*EXERCISE DIRECTIONS*. Copy task, pictures excluded: set down exactly the lines from the one containing "This Milwaukee Heavy-Duty" to the end of the data below.

[Source data]

* * * * * * * * *

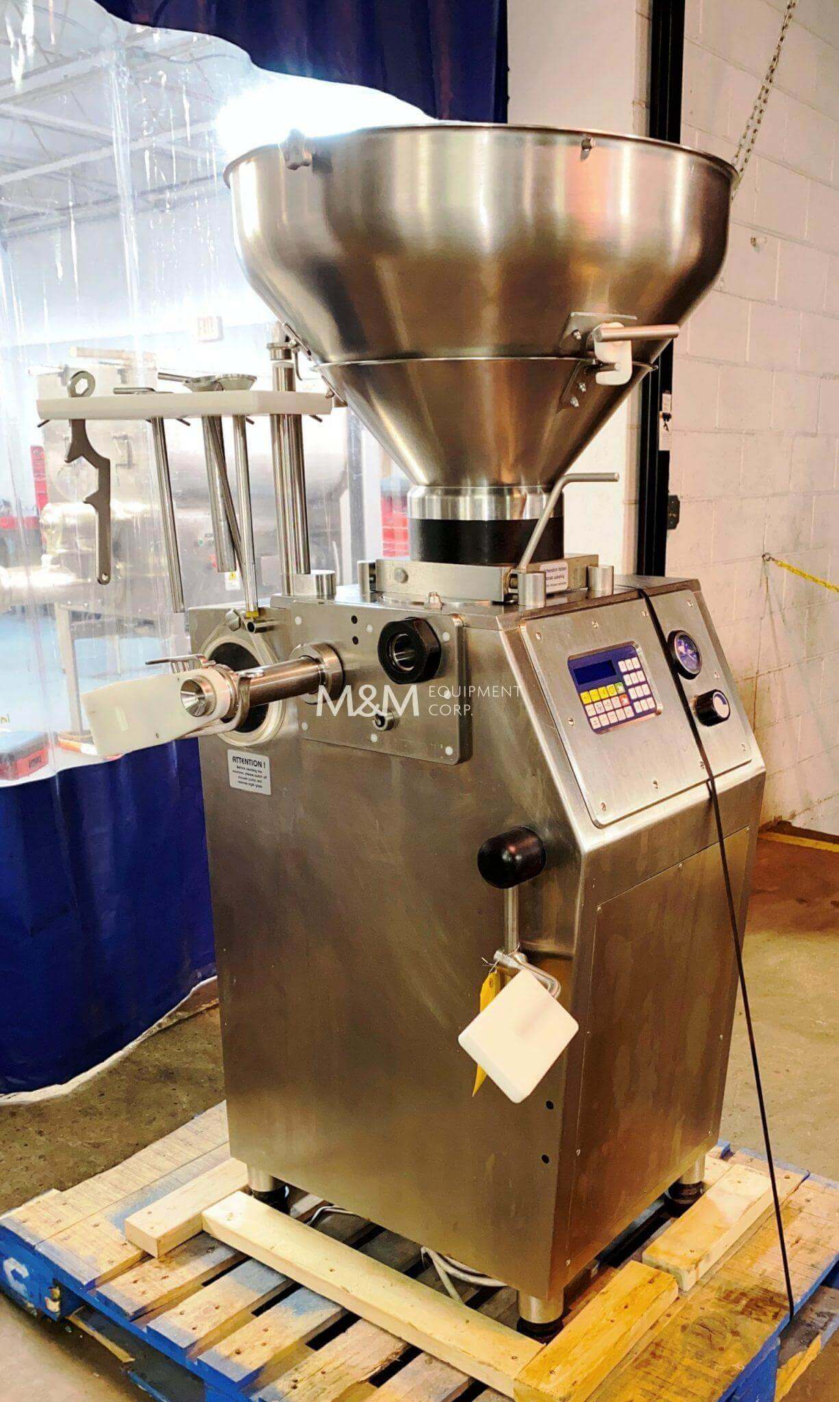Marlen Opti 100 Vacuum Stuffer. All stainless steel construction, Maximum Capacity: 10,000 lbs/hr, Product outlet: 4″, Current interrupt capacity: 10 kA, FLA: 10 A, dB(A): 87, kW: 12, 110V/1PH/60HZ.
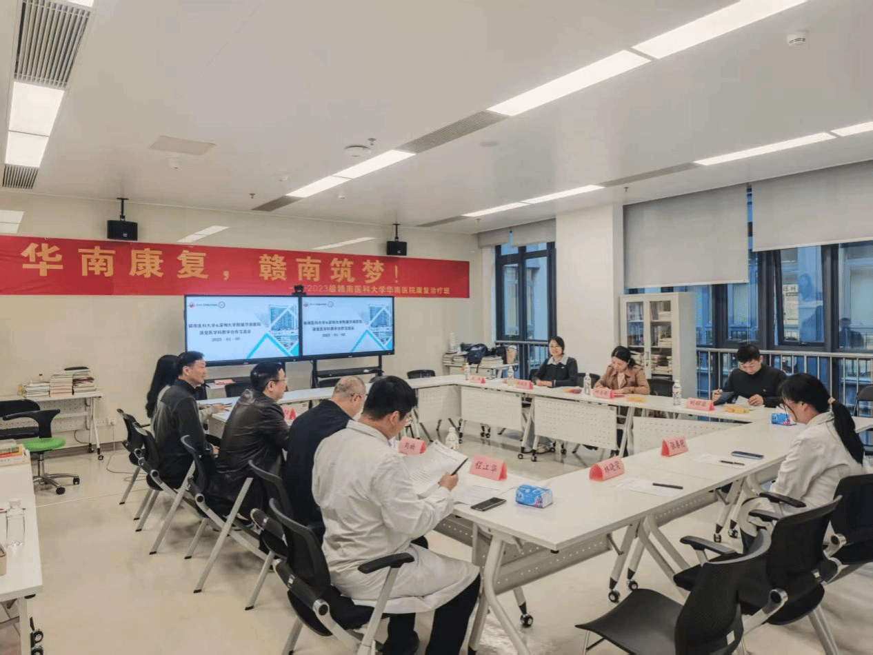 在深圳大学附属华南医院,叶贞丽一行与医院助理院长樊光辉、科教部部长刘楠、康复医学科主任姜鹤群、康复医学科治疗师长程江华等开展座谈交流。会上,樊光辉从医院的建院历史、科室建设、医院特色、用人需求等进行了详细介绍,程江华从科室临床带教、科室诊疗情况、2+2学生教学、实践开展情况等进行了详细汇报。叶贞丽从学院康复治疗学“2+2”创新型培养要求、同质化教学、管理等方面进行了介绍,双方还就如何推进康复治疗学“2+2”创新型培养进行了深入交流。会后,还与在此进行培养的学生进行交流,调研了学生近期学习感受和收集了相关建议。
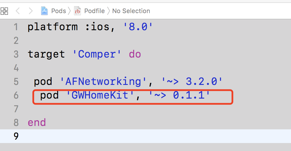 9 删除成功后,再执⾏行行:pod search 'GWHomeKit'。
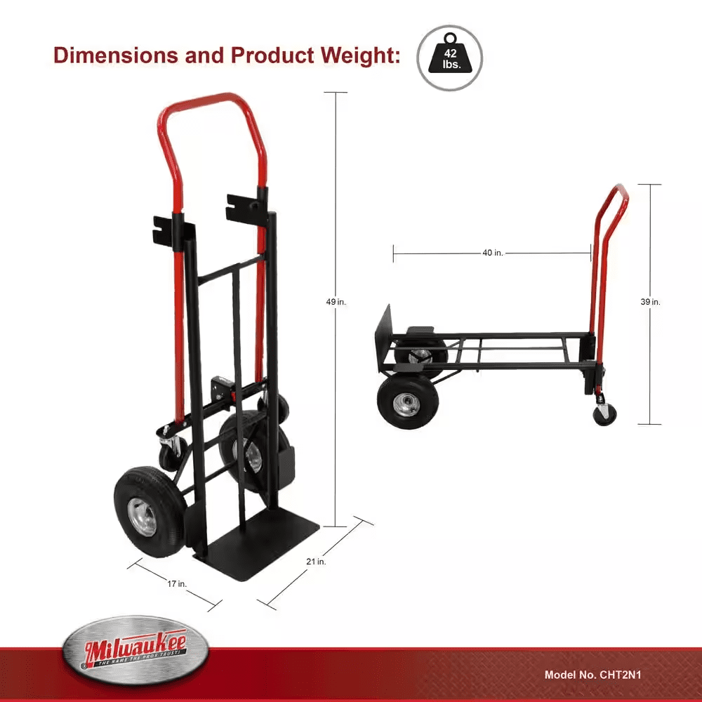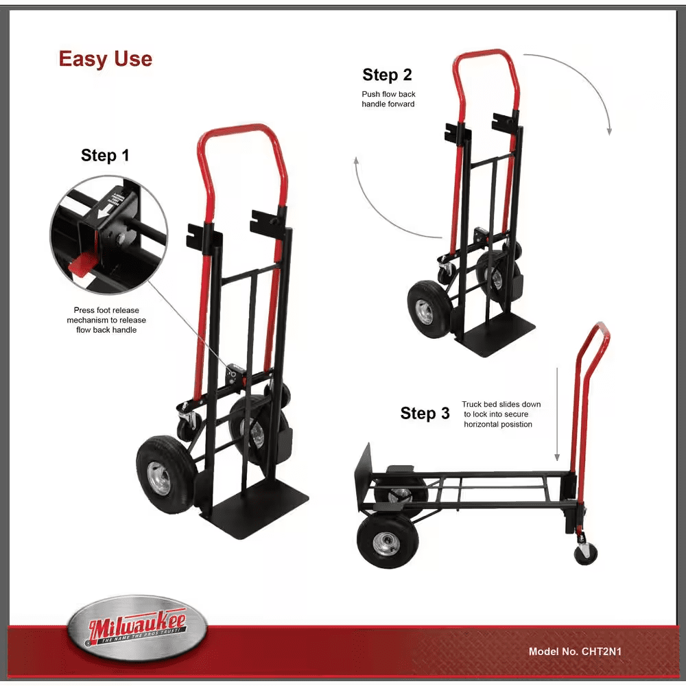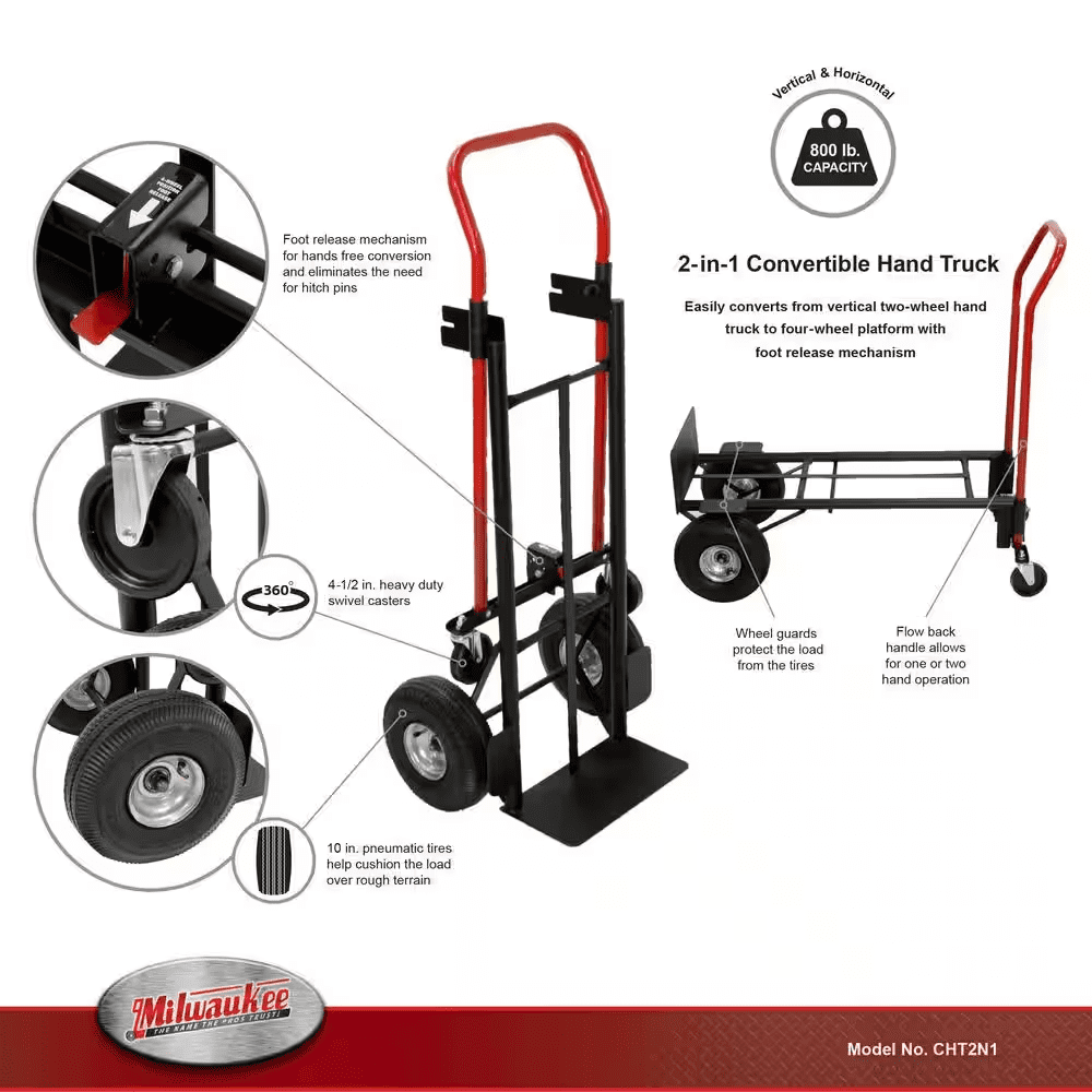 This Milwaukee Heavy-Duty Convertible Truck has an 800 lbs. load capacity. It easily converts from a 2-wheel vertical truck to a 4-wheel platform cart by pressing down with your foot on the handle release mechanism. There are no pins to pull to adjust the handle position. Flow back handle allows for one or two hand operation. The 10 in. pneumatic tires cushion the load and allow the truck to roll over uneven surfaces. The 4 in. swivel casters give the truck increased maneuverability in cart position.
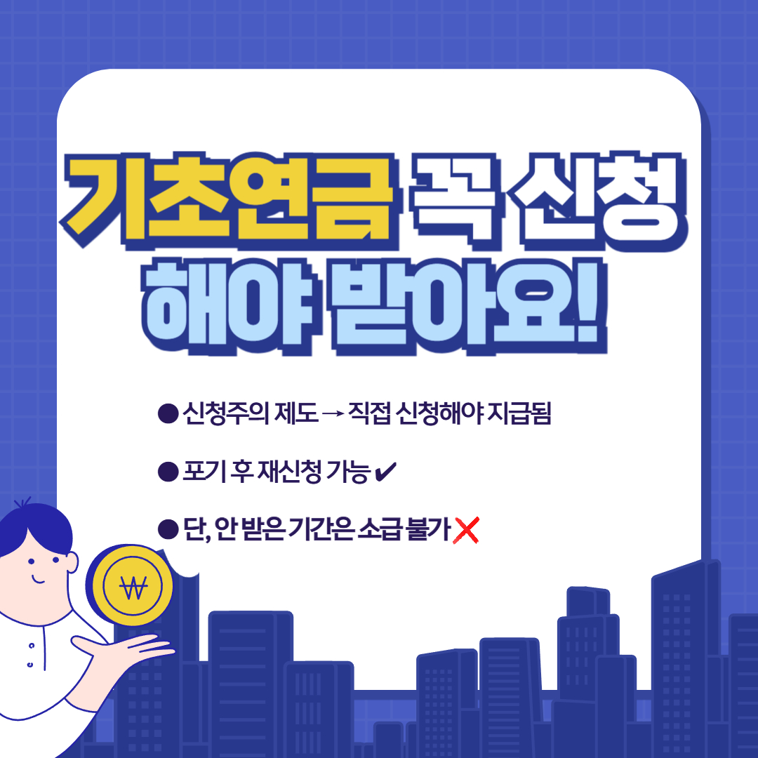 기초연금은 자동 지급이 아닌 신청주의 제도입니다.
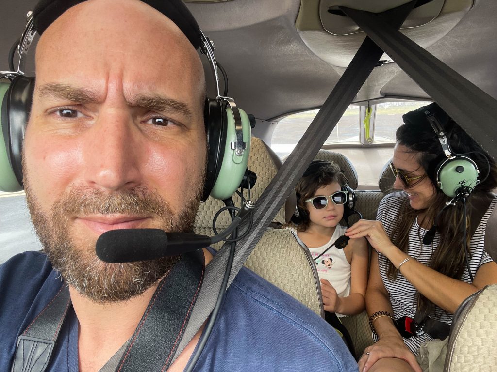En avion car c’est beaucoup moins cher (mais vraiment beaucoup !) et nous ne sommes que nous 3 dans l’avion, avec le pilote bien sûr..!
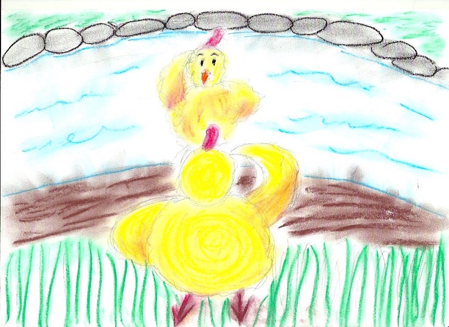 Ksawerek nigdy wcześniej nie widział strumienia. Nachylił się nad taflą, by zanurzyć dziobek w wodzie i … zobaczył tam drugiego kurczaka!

* * * * * * * * *

*YOUR SOLUTION*.
 This Milwaukee Heavy-Duty Convertible Truck has an 800 lbs. load capacity. It easily converts from a 2-wheel vertical truck to a 4-wheel platform cart by pressing down with your foot on the handle release mechanism. There are no pins to pull to adjust the handle position. Flow back handle allows for one or two hand operation. The 10 in. pneumatic tires cushion the load and allow the truck to roll over uneven surfaces. The 4 in. swivel casters give the truck increased maneuverability in cart position.
 기초연금은 자동 지급이 아닌 신청주의 제도입니다.
En avion car c’est beaucoup moins cher (mais vraiment beaucoup !) et nous ne sommes que nous 3 dans l’avion, avec le pilote bien sûr..!
 Ksawerek nigdy wcześniej nie widział strumienia. Nachylił się nad taflą, by zanurzyć dziobek w wodzie i … zobaczył tam drugiego kurczaka!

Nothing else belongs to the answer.